I had written the simple program below, convinced it would absorb all keystrokes I hit and, when I hit q, it would print the previous keys as a single string.
import System.IO
main = do
hSetBuffering stdin NoBuffering
hSetEcho stdin False
x <- takeWhile (/= 'q') <$> sequence (repeat getChar)
print x
But that's not the case.
It's not that keys are not read, as it's obvious when I change the longest line to
x <- takeWhile (/= 'q') <$> sequence (repeat (getChar >>= \c -> print c >> return c))
which does print the characters one by one as I type them; but the q doesn't cause the loop to exit.
My understanding is that sequence is not lazy, in the sense that it will try to run the infinite list of getChar actions before takeWhile has a chance to start its job.
If that's the case, then what other options do I have?
If the intent is clear form the snippet above, I can add that in the real application getChar would be swapped with a function that does c <- getChar and then makes a processing on it.

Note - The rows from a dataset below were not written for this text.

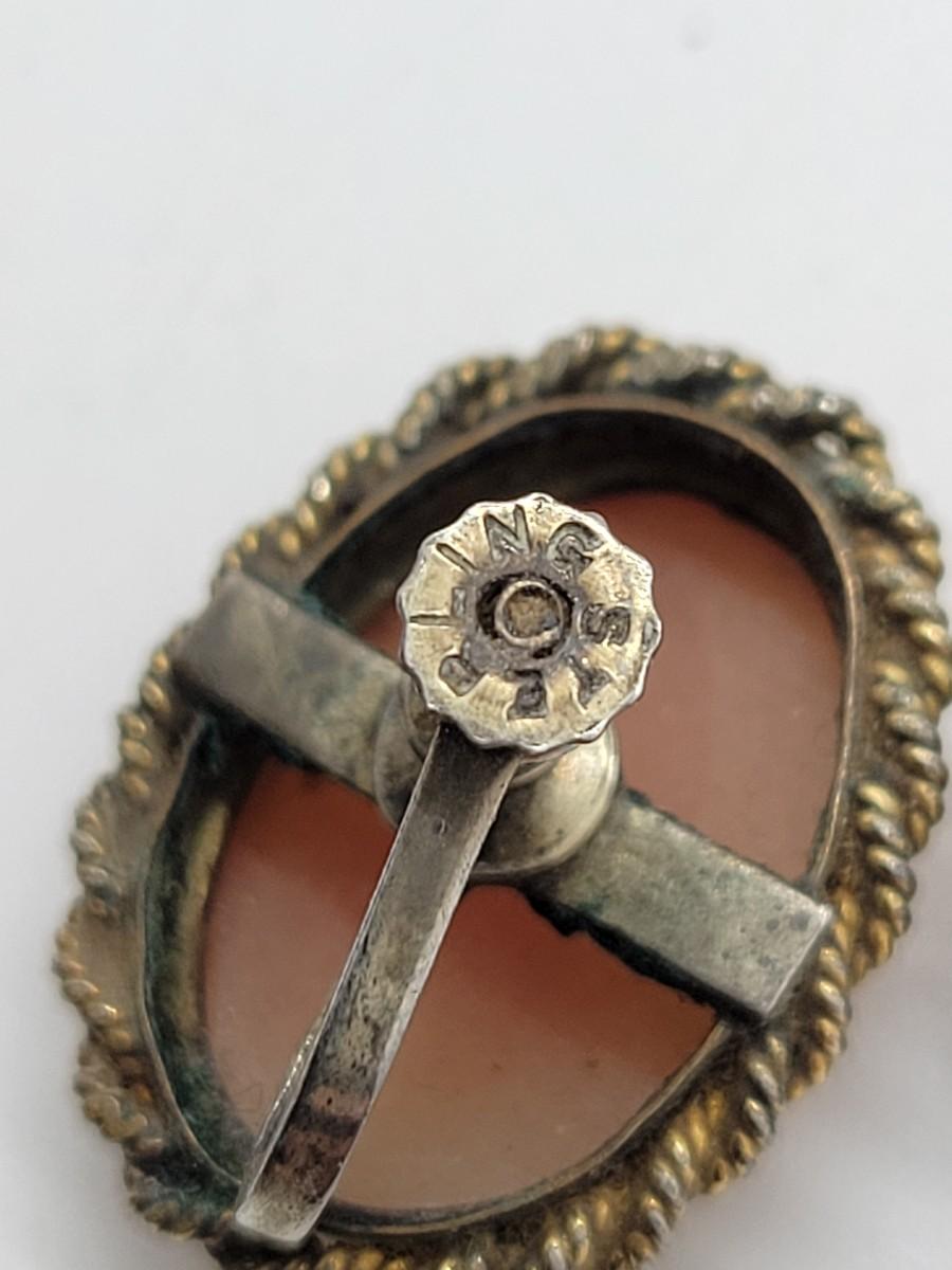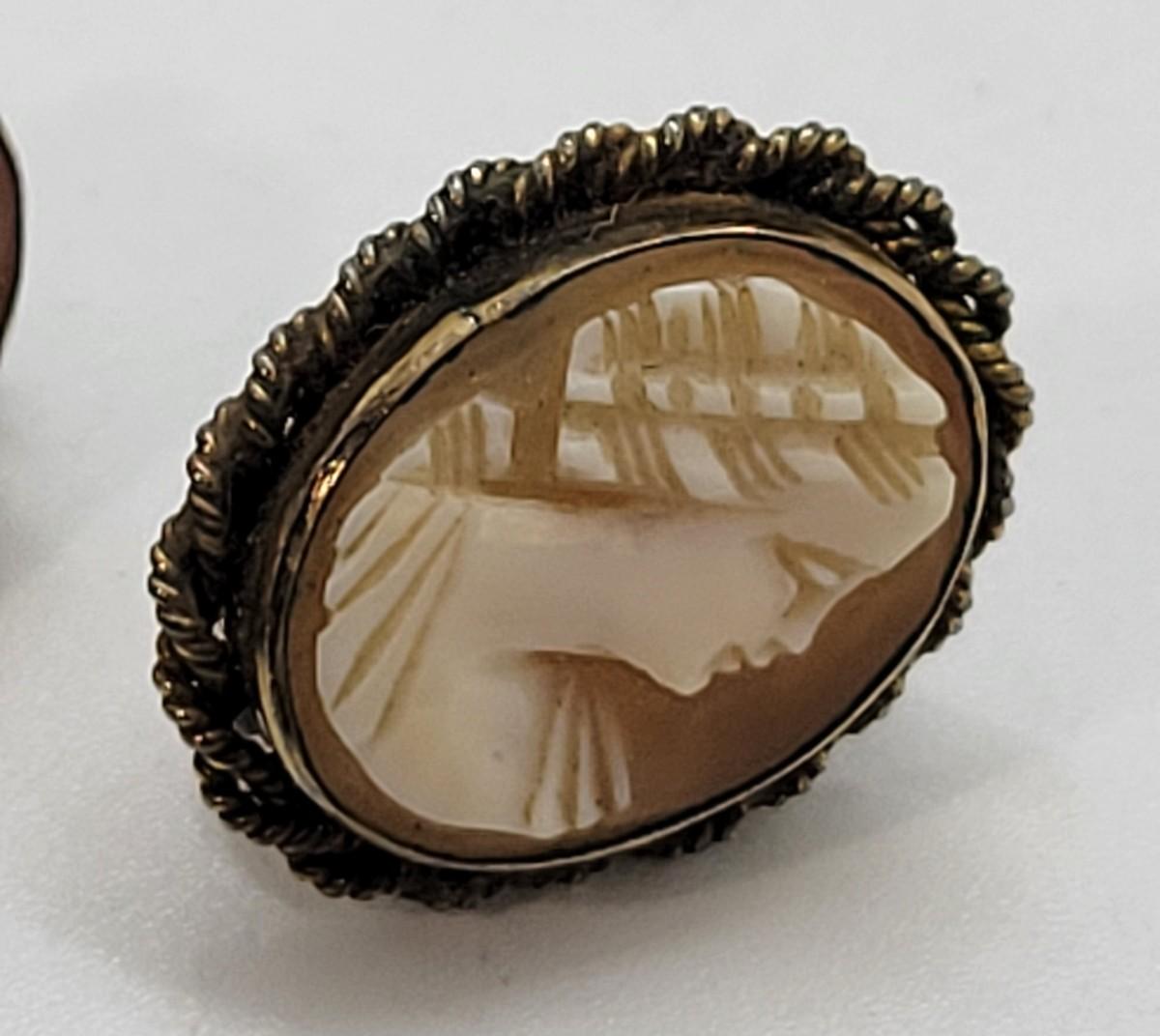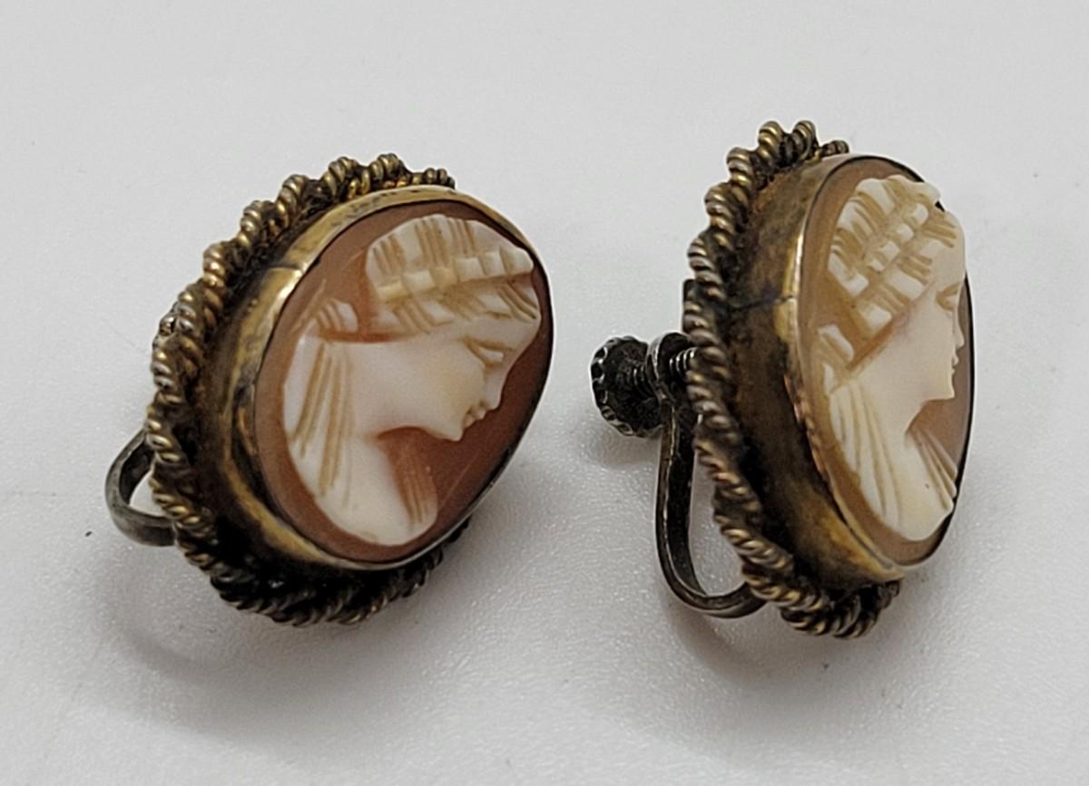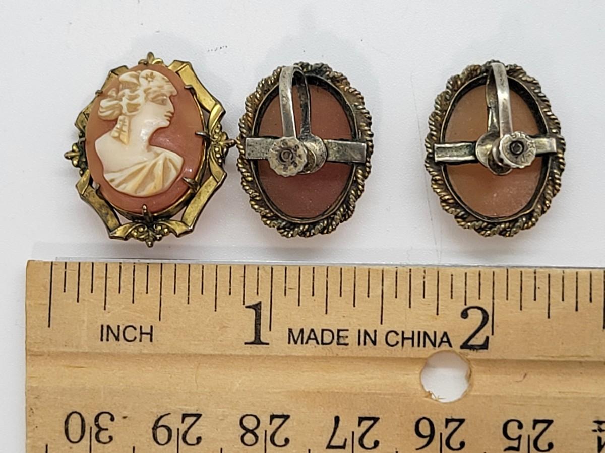 LOT 96: Vintage Cameo Pin & Sterling Screwback Cameo Earrings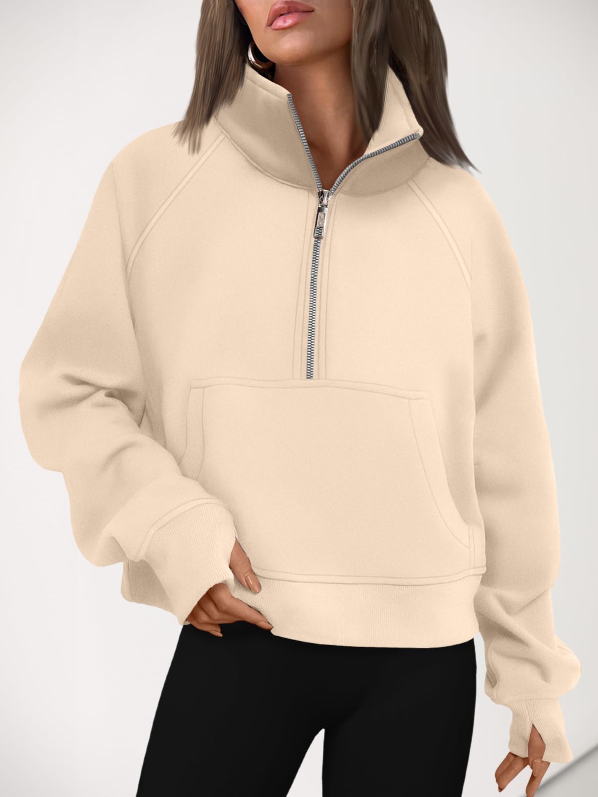 ★Fashion: 1/2 zip up collar sweatshirt, the zipper works smoothly, solid color, stand collar, y2k clothing, fleece lined, soft inside, relaxed fit, crop top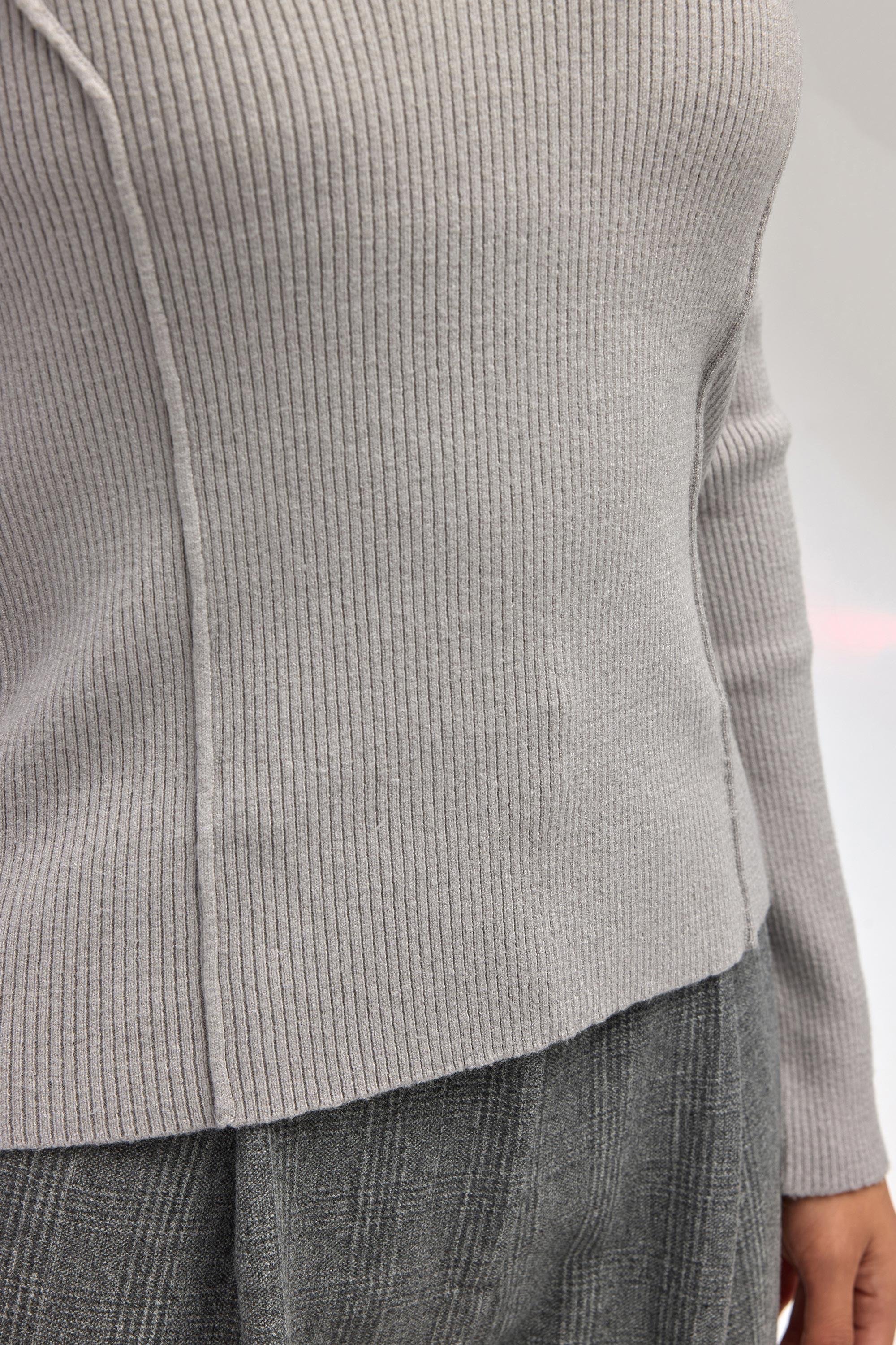 Bedene oturan formda, polo yakalı, kup detaylı, uzun kollu triko kazak.
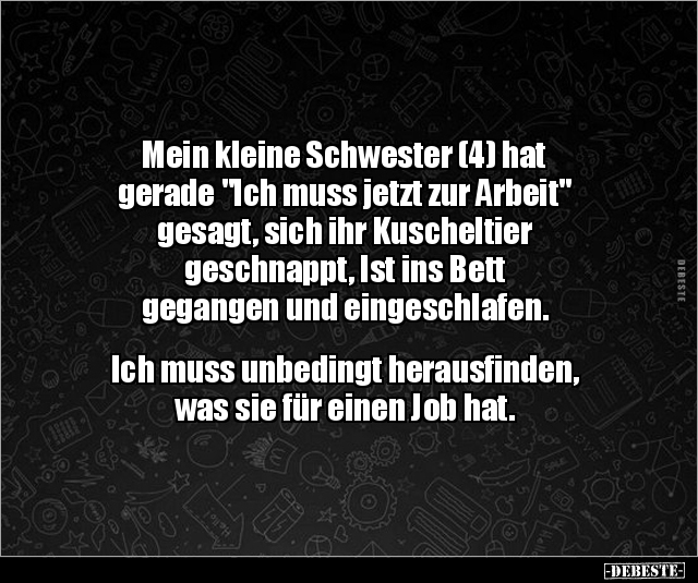 Mein kleine Schwester (4) hat gerade "Ich muss jetzt zur Arbeit" gesagt, sich ihr Kuscheltier geschnappt, Ist ins Bett gegangen und eingeschlafen. Ich muss unbedingt herausfinden, was sie für einen Job hat.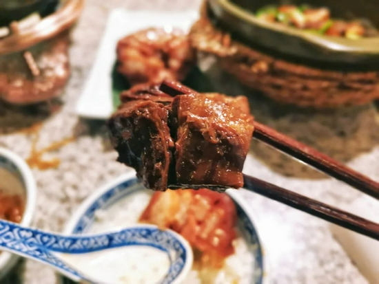 韩复兴选用的鸭子偏瘦,紧实酥烂,更加能突出鸭肉的清香,切成片状的鸭肉看起来莹白透亮,入口味道更是一绝。

You may consider a little helper action for that purpose:
getInput :: Char -> IO Char
getInput previous = do
c <- getChar
if c == 'q' then return previous else getInput c
This would enable you to get x like
x <- getInput ' '
or with some other appropriate default value instead of ' '.
If you truly want a one-liner, you can always use fix to convert any recursive action into a lambda expression.
First, then,
import Data.Function
and then
x <- (fix $ \rec previous -> getChar >>= \c -> if c == 'q' then return previous else rec c) ' '